The community is vital to QuestDB so that beginners have an environment that encourages getting up and running quickly. Experienced users have channels for raising technical questions or bugs with the engineering team or other power users. We have a growing Slack workspace with over 900 members who discuss how they are using QuestDB daily to power their businesses. Our mission is to solve the problems users have with time series data. To achieve that, we are driven to understand the pain points that arise from practical scenarios, and we have the community as a force that informs our product roadmap.

We designed QuestDB to sidestep custom query languages that require specialist knowledge to understand. We believe that it should be easy to ask questions about how your own data looks and changes.
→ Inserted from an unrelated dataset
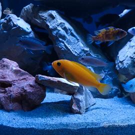 Vendo maschio adulto 7/8 cm di pseudotropheus Saulosi (quello nelle foto) Ho disponibili anche degli esemplari piu piccoli, che dovrebbero essere femmine, la piu grande e' di 5 cm, scrivo " dovrebbero" perche vista la presenza di un altro saulosi dominante, le presunte femmine, potrebbero essere maschi sottomessi e quindi rimasti gialli) Il prezzo per il maschio adulto e' di 8 per la "femmina" di 6 cm , 7 Per gli altri saulosi non sessabili di circa 4 cm, invece 5 Sconto per acquisto multiplo Per la ricerca: ciclidi africani, acquario, pesci acqua dolce, mbuna malawi

Support, community forums, and online resources are a treasure trove of many decades of knowledge working with SQL which directly transfers to using QuestDB. If you are new to QuestDB (or SQL), it's easy to get started by means of online resources, tutorials, and the expertise shared by our community. For seasoned SQL experts, there is no learning curve except for time-based calculations and analysis specific for time series.

Choosing a database that fits#

We want to make sure engineers can pick the right tool for the job and have highlighted some key differentiators between QuestDB and InfluxDB. If there are suggestions for improving this comparison, we'd be happy to include this in our analysis.